Source records

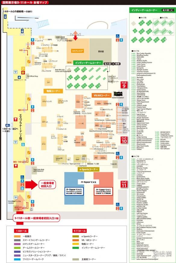 9厅:贩售区、Cosplay区(★)、独立游戏区、特别展示区、TGS官方商店
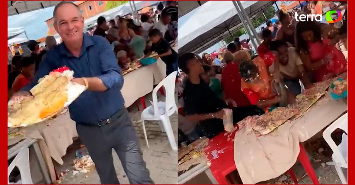 Bolo de 62 metros é 'destruído' em segundos por população de São Mateus do Maranhão. O objetivo da prefeitura era o de celebrar o aniversário de 62 anos do município, na terça-feira, 26. Um vídeo que circula nas redes sociais, porém, mostra uma confusão na distribuição do alimento à população. Nas imagens, os populares correm e tentam obter pedaços do bolo de todas as formas possíveis. A prefeitura de São Mateus do Maranhão não se pronunciou sobre as cenas registradas na ocasião.
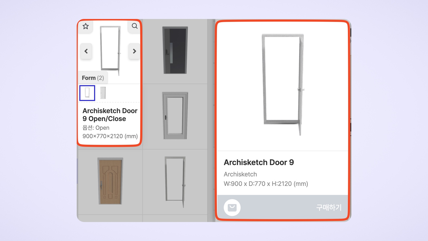 열린 형태로 제작된 문도 있습니다. 문이 열리고 닫히는 애니메이션 기능은 지원하지 않지만, 열린 문을 찾아 배치해 보세요. 열린 문을 활용하면 공간 배치나 구상에 더욱 도움이 될 거예요
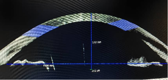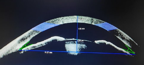 左眼术前前节OCT:左眼前房深度1.65mm(正常成年人为2.5—3.0mm)
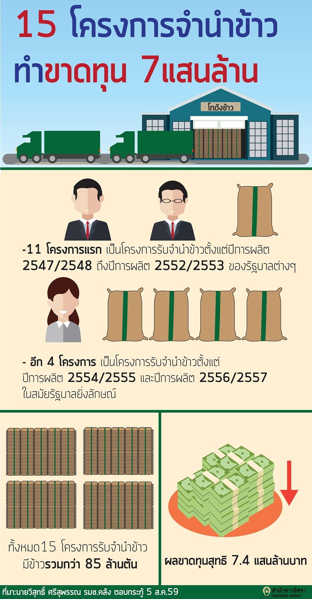 15 โครงการจำนำข้าว ทำขาดทุน กว่า 7 แสนล้าน
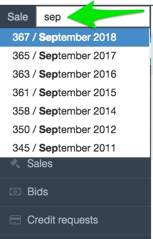 On top of the screen start typing the Sale ID or Sale name and select the desired sale from the autocomplete list.
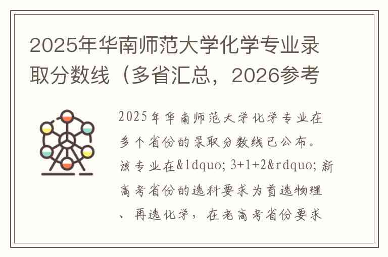 2025年华南师范大学化学专业在多个省份的录取分数线已公布。该专业在“3+1+2”新高考省份的选科要求为首选物理、再选化学,在老高考省份要求为理科生源。以下是目前已公布的部分省份录取分数线汇总,供2026届考生参考。
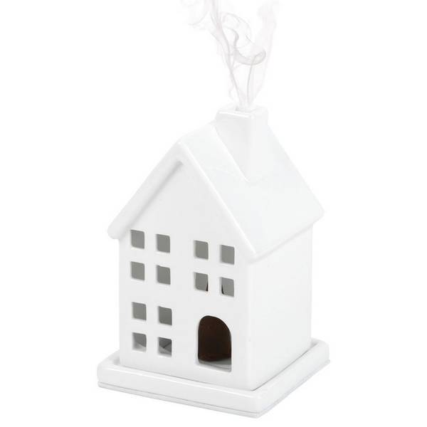 This attractive ceramic incense cone holder is shaped distinctly like a small house. It offers a decorative and stable resting spot for your favourite cone-style incense fragrances. Constructed entirely from robust ceramic material, this piece provides a sturdy base when in use.

-- ABOUT THIS EXERCISE --
From the line containing "On top of the" through the last line of the data above, write out every line word for word, and nothing else. Do not include the pictures.

-- SOLUTION TO THE PROBLEM --
 On top of the screen start typing the Sale ID or Sale name and select the desired sale from the autocomplete list.
 2025年华南师范大学化学专业在多个省份的录取分数线已公布。该专业在“3+1+2”新高考省份的选科要求为首选物理、再选化学,在老高考省份要求为理科生源。以下是目前已公布的部分省份录取分数线汇总,供2026届考生参考。
 This attractive ceramic incense cone holder is shaped distinctly like a small house. It offers a decorative and stable resting spot for your favourite cone-style incense fragrances. Constructed entirely from robust ceramic material, this piece provides a sturdy base when in use.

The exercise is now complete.